Greater or less than
Although matching and equality are by far the most common types of entry, WHERE clause situations in which ranges are requested are common as well. In this case, the query analyzer knows that it can look at the area of the index either greater or less than the specified value. Generally, the query analyzer can determine from multiple individual statements what percentage of the index must be read and can decide from there whether it makes sense to use the index or not.
Using functions in a WHERE clause can limit the query analyzer’s ability to determine how useful any indexes may be. Because it won’t be apparent to the query analyzer what the result of the function will be—particularly if executed on a field rather than on constants—using functions in a WHERE clause will minimize the chances that the query analyzer will think any index is valuable, regardless of the fields involved.
Evaluating the ORDER BY clause
Once the query analyzer has worked its way through the WHERE clause, it starts looking at the ORDER BY clause.
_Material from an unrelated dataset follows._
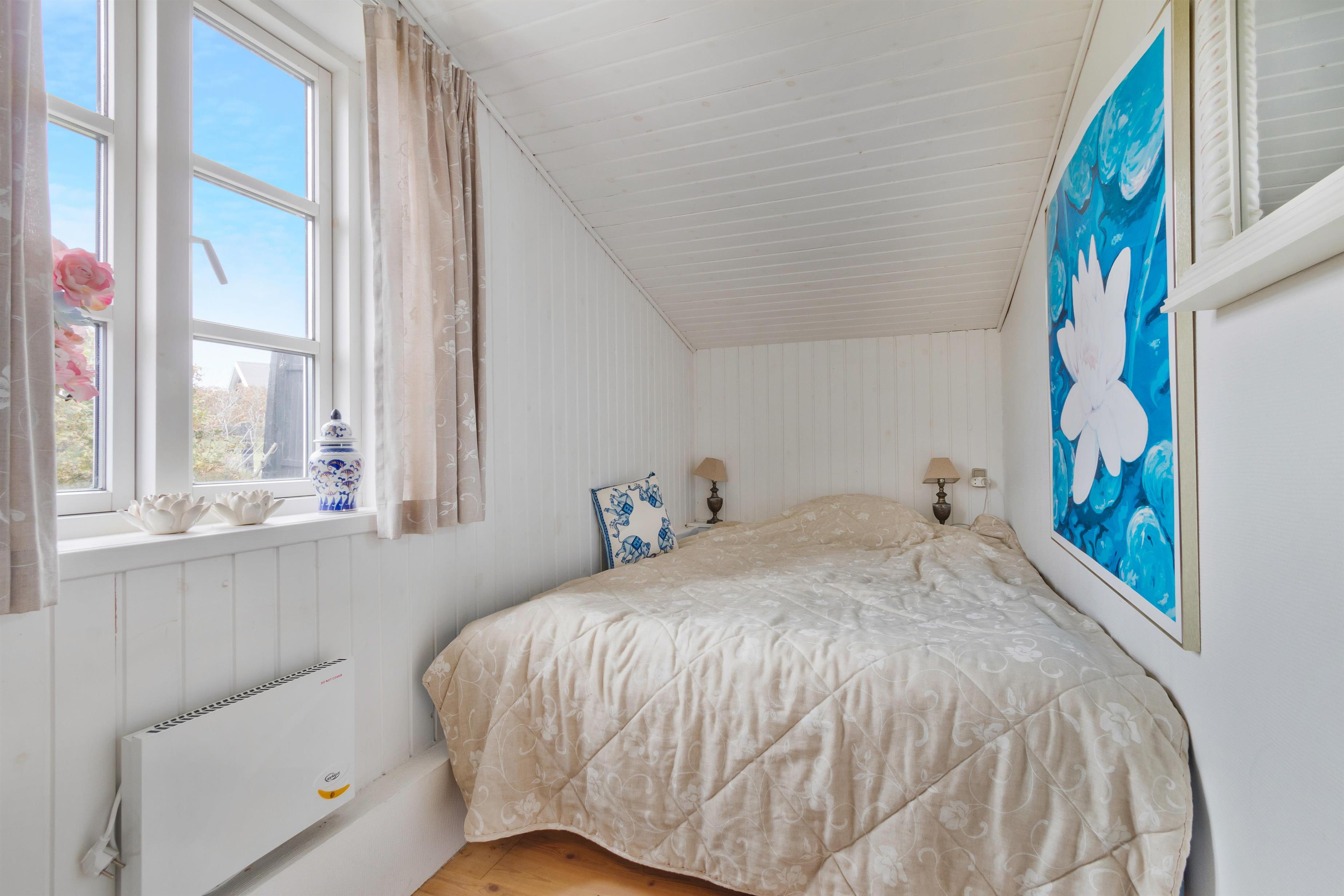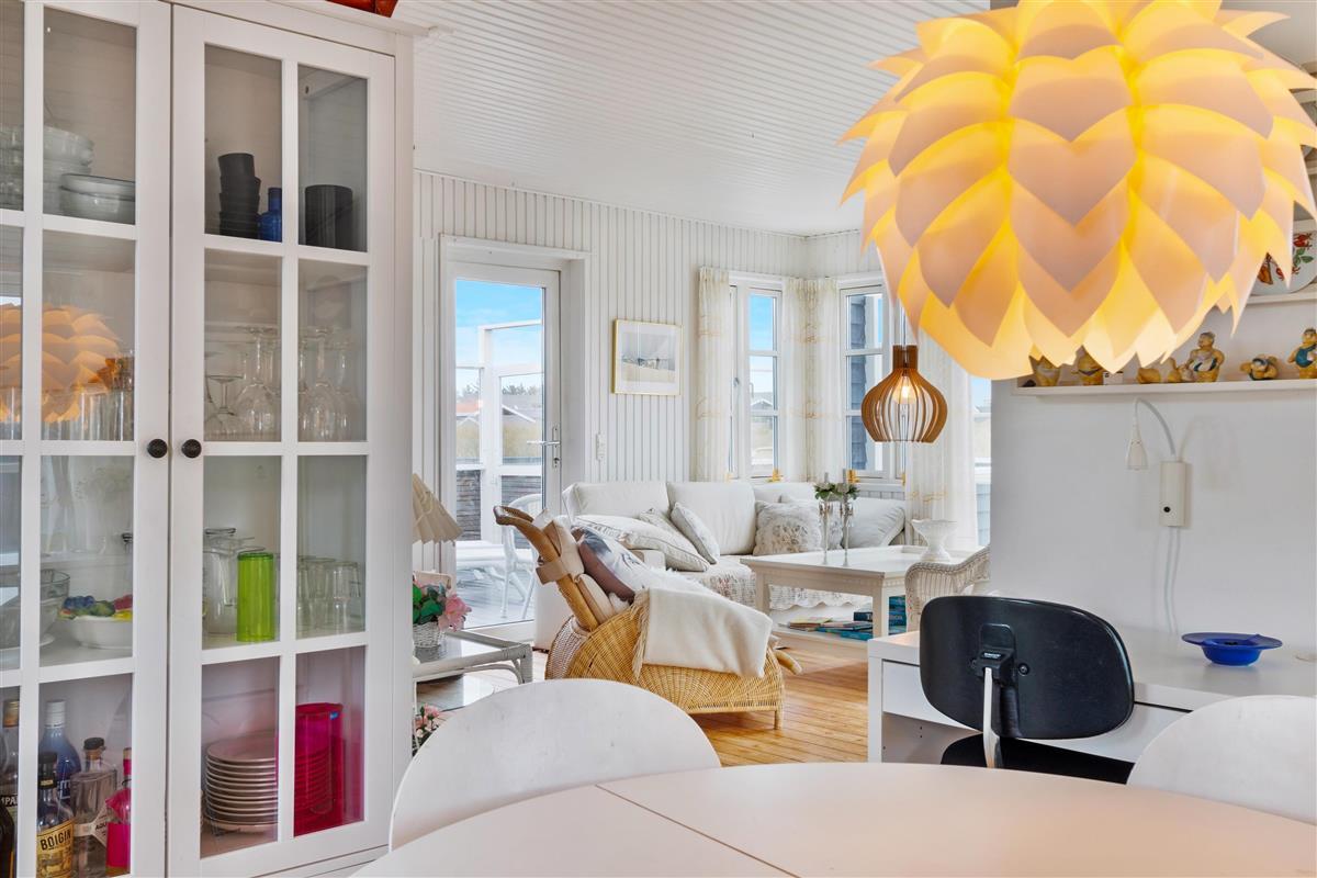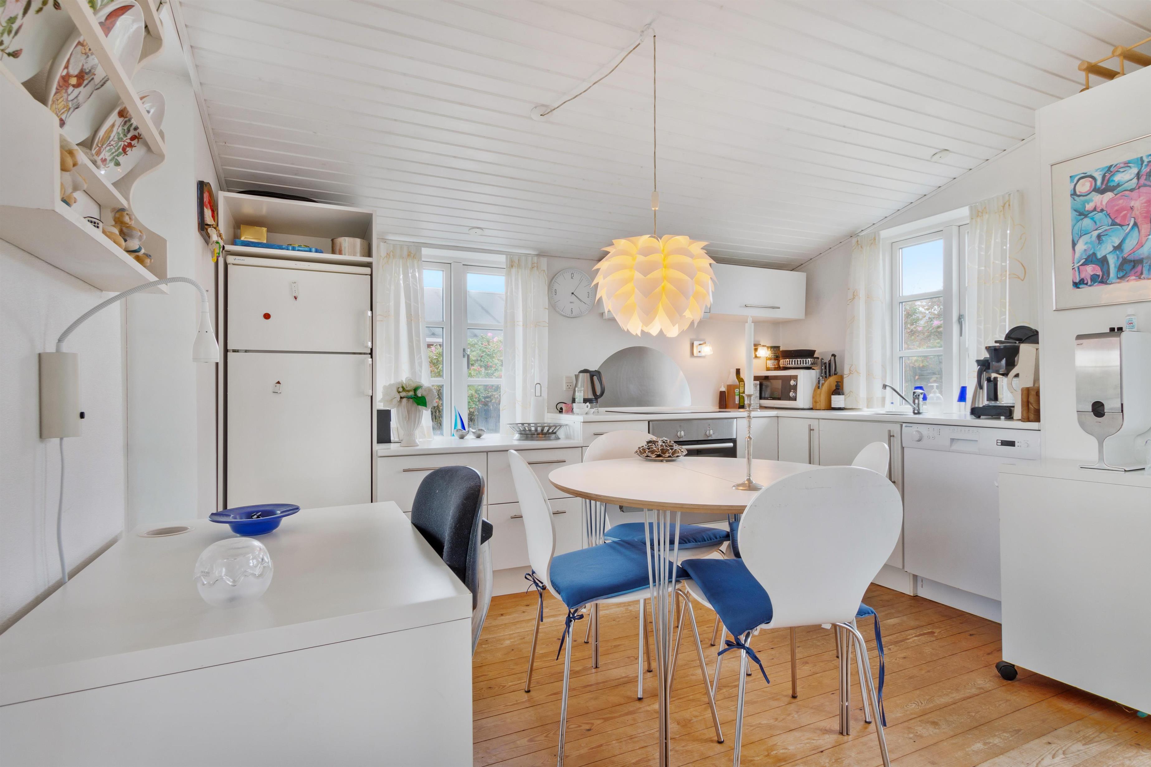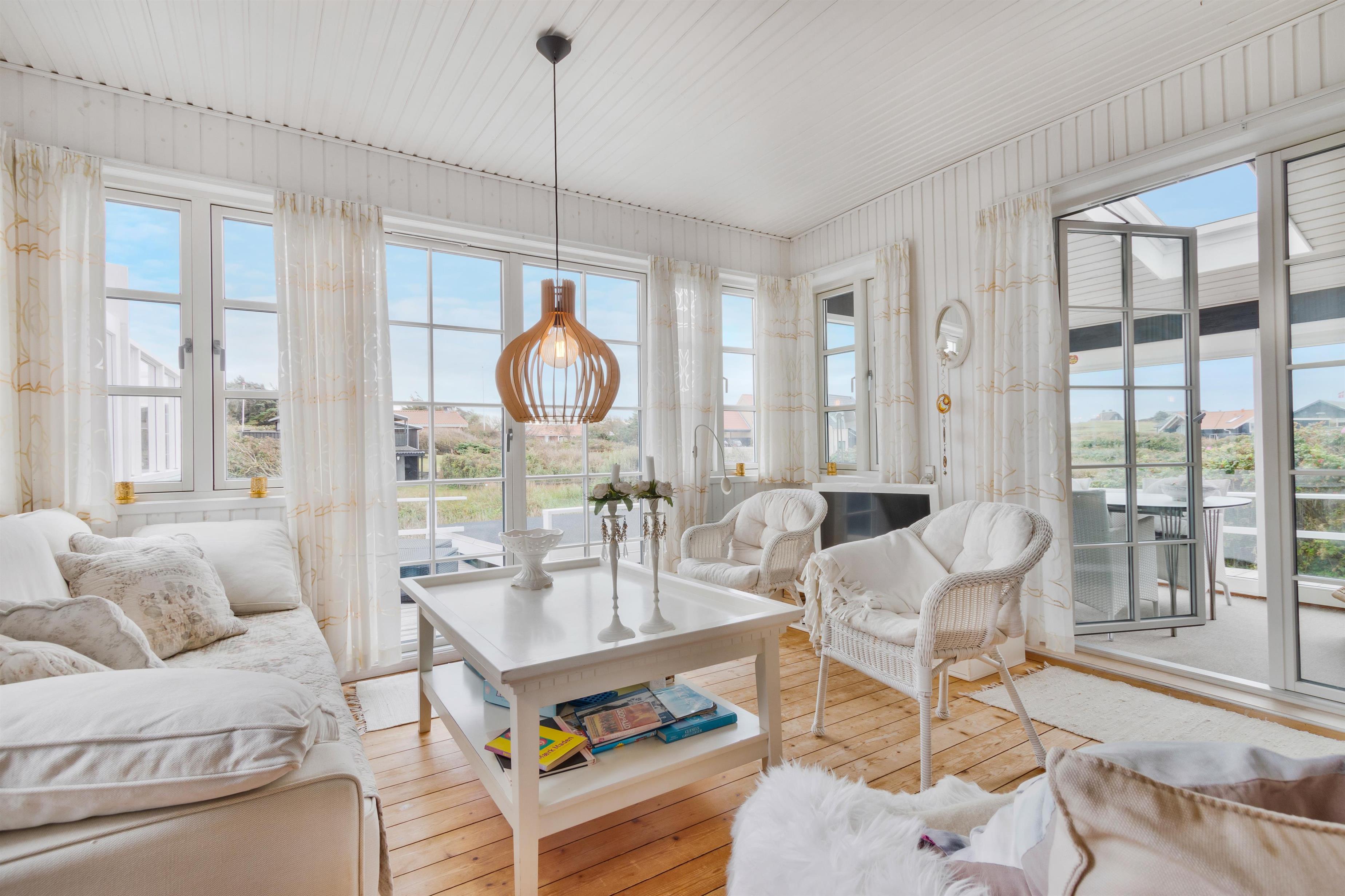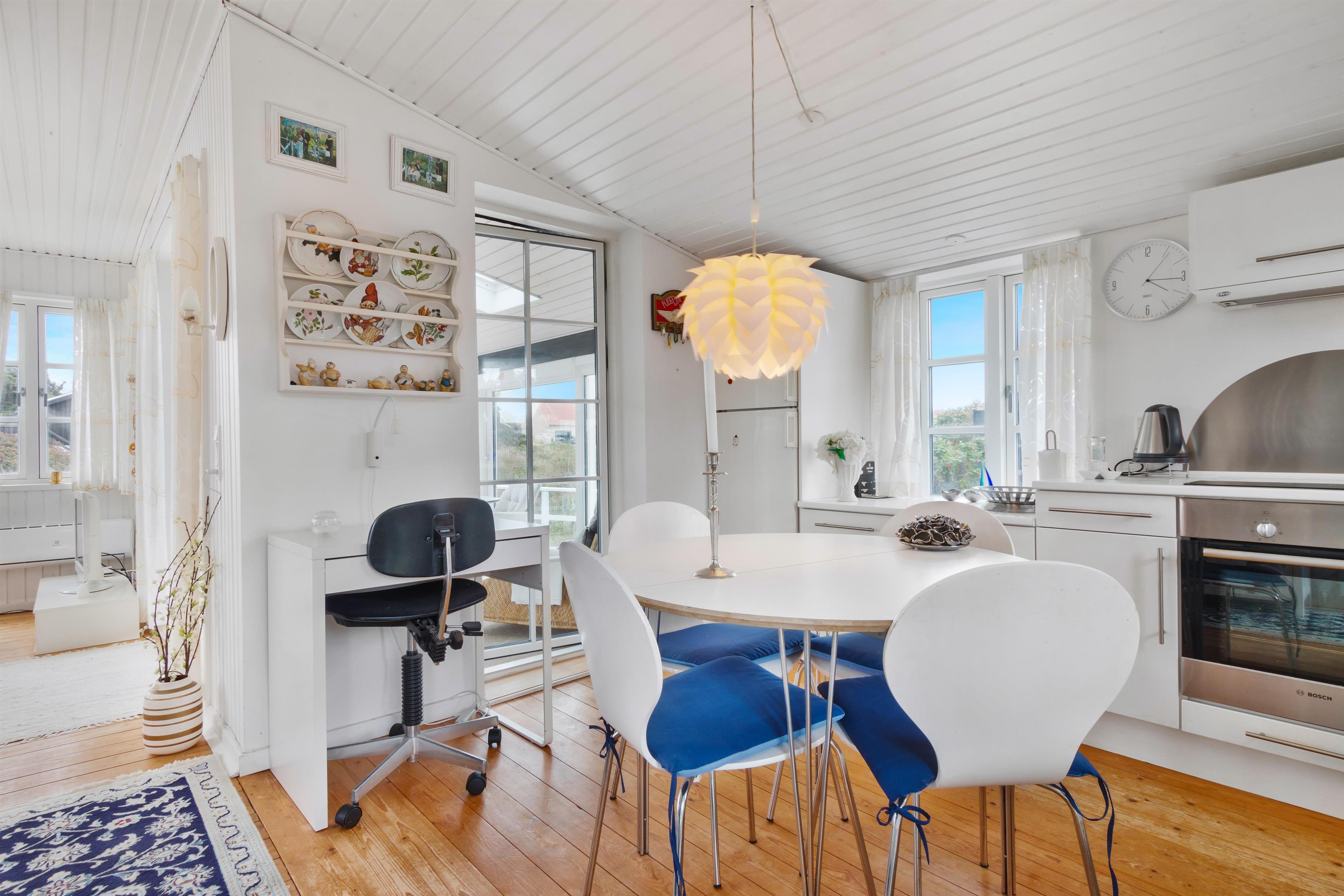 The holiday home is extremely charming and must be experienced. It's located at the end of Drosselvej, overlooking Furreby Creek and into Løkken, as well as over some of the lovely vacation homes in Furreby. There's a terrace around half of the summer house, providing plenty of opportunities for sunbathing and relaxation. Inside the house, there's a delightful distribution of space with an open kitchen/living room/dining area and a lovely conservatory where you can sit in shelter and enjoy the view. There are 2 bedrooms and space for 4 people. The house is decorated in a delightful, light summer house style, and in our view, it offers everything a classic summer vacation requires and more. There's parking space for two cars next to the house.

What the query optimizer is looking for is a way that it won’t need to re-sort the results once it’s done. If the query optimizer can find an index that already has the rows in the right order and it’s compatible with the WHERE clause, it will use the index so that it can avoid the sort at the end.
In order to facilitate the use of indexes, your ORDER BY clauses shouldn’t contain unnecessary fields. Because the query analyzer doesn’t know if a field is meaningful or not, in an ORDER BY clause it assumes that it is. As a result, if you include fields in the ORDER BY clause the optimizer must try to find an index which contains all of those fields. Listing every field in your ORDER BY clause will essentially prevent the query optimizer from using an index.
Above, I mentioned that the query analyzer assumes there’s a penalty to be paid for accessing an index and, because of that, it will sometimes avoid using indexes which are ordered by the right fields. This is true, except in the special case where an index contains all of the fields necessary to satisfy the fields selected.
If, for instance, you are selecting only User ID, First Name, LastName, and EmailAddress from a user record, and you have an index which contains all of these fields, then the query analyzer can use the index and skip the underlying data table altogether.
This can be really useful particularly when you have a cross reference table that is used in both directions. You do a clustered index in one direction and then create an index with the fields in the reverse order. The result is that SQL server can use the physical table when going in the first direction and can exclusively use the index in the reverse order.
Covering indexes requires additional space in the database and requires more time to update because of the longer key values; however, they are a great way to help the query analyzer out if you have a relatively static cross reference table that gets a lot of use.
Help the query optimizer
There are a bunch of hoops that the query analyzer goes through every time you submit a query. These hoops are designed to help you get the quickest results; however, that only works if you can help the query optimizer do it’s job by specifying only what you need in the queries and creating the right indexes.